Merge rows from 2 sorted streams and output joined rows with matched key fields. Use this instead of hash join is both your input streams are too big to fit in memory. Note that both the inputs must be sorted on the join key. This is a first prototype implementation that only handles two streams and inner join. It also always outputs all values from both streams. Ideally, we should: 1) Support any number of incoming streams 2) Allow user to choose the join type (inner, outer) for each stream 3) Allow user to choose which fields to push to next step 4) Have multiple output ports as follows: a) Containing matched records b) Unmatched records for each input port 5) Support incoming rows to be sorted either on ascending or descending order.
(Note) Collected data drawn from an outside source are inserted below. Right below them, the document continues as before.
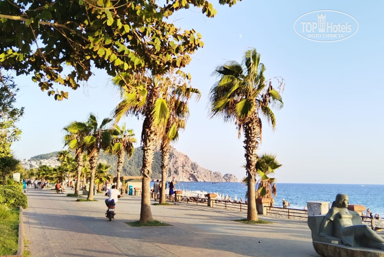 Всем здравствуйте. Пишу отзыв об отеле. Отель находится на первой береговой линии. До пляжа метром 200, через дорогу. Лежаки покупали на ресепшене, квитанцию показывали на пляже. Примелькались, и потом квитанцию никто не просил) На пляже есть бар, играет музыка. лежаки рабочие,свободные лежаки были всегда. Море теплое, местами плиты, но коралки нас выручали, при отливе волны, виден нормальный вход в воду. Пляж Клеопатры чистый. Но море волновалось дней 5( не купались. В отеле есть 3 бассейна. Детский, горки различные, дискотека, анимация вечером. Питание все включено. {удалено модератором: несанкционированная реклама} Отдыхом довольны. В номер приходили только спать. Отель находится в городе, пешком дошли до Крепости Алании, и поднялись на фуникулере. Вид потрясающий. Прыгала с парашютом, с местной горы. Непередаваемые ощущения.
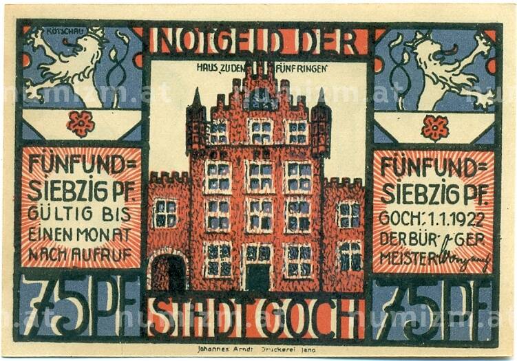 Купить 75 пфеннигов 1922 года Германия — Гох (Нотгельд) по привлекательной цене можно в нашем интернет-магазине — Вам достаточно оформить заказ на сайте. Все монеты, представленные в каталоге, находятся в наличии на нашем складе.
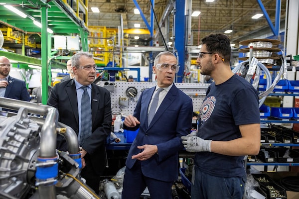 Mark Carney speaks with an employee while touring the factory floor with Paul Le Houillier, President of Nova Bus, before making an announcement during his Liberal Party election campaign tour at Nova Bus, in Saint-Eustache, Que., on April 15.Carlos Osorio/Reuters
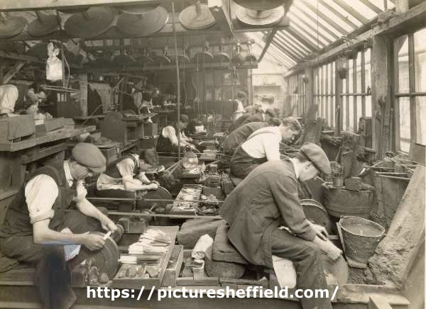 Image shows the operations of grinding, glazing and polishing of knife blades on a grinding wheel. Original photograph at Sheffield City Archives: X1062/2/7/6/1. |
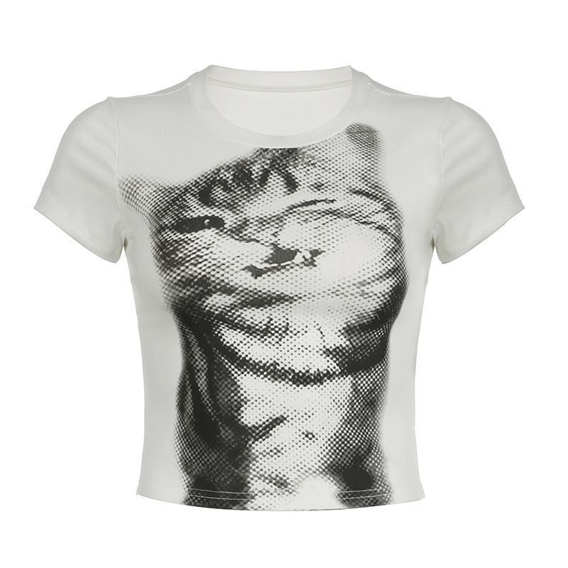 Toloer Toloer Style Cat Print Short-Sleeved T-Shirt Women's New Round Collar Retro Basic Versatile Slim Top-Outfit Ideas
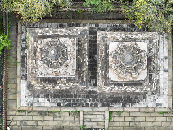 因兩塔基底相連,故稱連理塔。這兩個塔形制相同,塔平面成方形,均高8米。塔身邊寬各3米,高2.5米,正面均開青石卷門,隱刻卷草花瓣,門楣飾火焰。另三面各劈半開門直欞假窗,塔檐磚疊澀十一層,出檐0.5米,高1米。仔細欣賞,外形俊美,雕造秀麗,束腰座之上是方形塔身,正面為半圓形門拱,火焰形卷面,隱刻卷草和花瓣。塔檐疊澀而成,塔頂剎部雕造精巧,亭台式樣,雕欄額、普柏枋和斗拱,極頂為八角形塔檐和寶珠。外形俊美,雕造秀麗,既有唐代古樸遺風,又有宋代精細刻法。
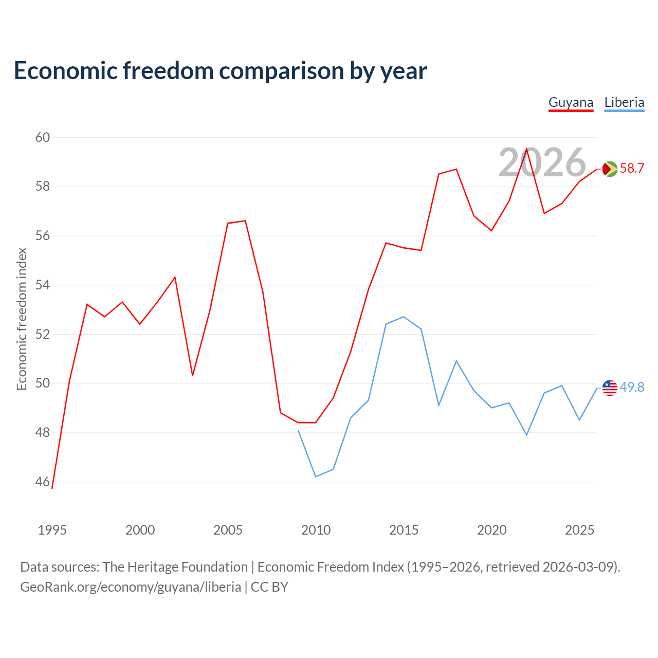 The Economic Freedom Index for Guyana is 58.7, ranking 109/197, compared to 49.8 for Liberia, ranking 163/197. The chart above displays a comparison of annual changes in economic freedom indexes.
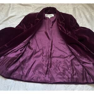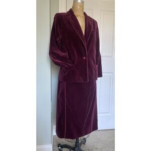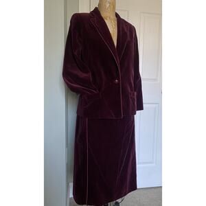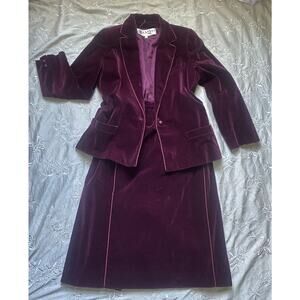 LANVIN Paris Vintage Skirt Jacket Women Suit Size 40 Velvet Velour Burgundy S,M
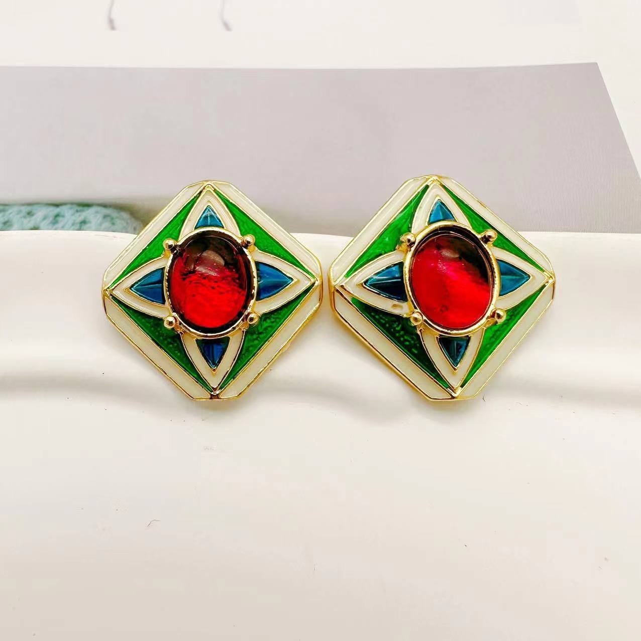Vintage Enamel Red Zircon Inlaid Earrings quantity
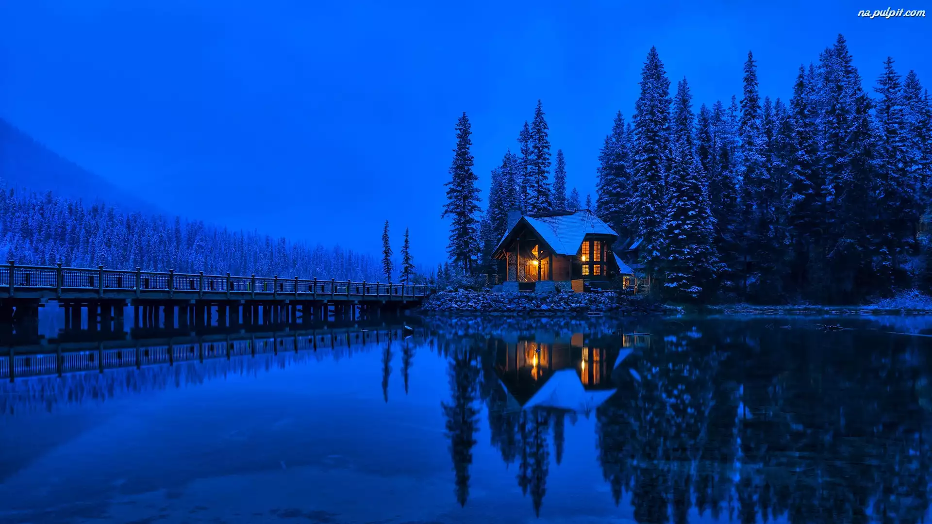 Jezioro, Oświetlony, Kanada, Emerald Lake, Dom, Drzewa, Prowincja Kolumbia Brytyjska, Las, Most, Park Narodowy Yoho, Góry Na Pulpit |

The currently implementation only supports ascending


Field Summary
Fields inherited from class org.pentaho.di.trans.step.BaseStep
first, linesInput, linesOutput, linesRead, linesRejected, linesSkipped, linesUpdated, linesWritten, terminator, terminator_rows
Constructor Summary
MergeJoin(StepMeta stepMeta, StepDataInterface stepDataInterface, int copyNr, TransMeta transMeta, Trans trans)
Method Summary
 boolean init(StepMetaInterface smi, StepDataInterface sdi)
          Initialize and do work where other steps need to wait for...
 boolean processRow(StepMetaInterface smi, StepDataInterface sdi)
          Perform the equivalent of processing one row.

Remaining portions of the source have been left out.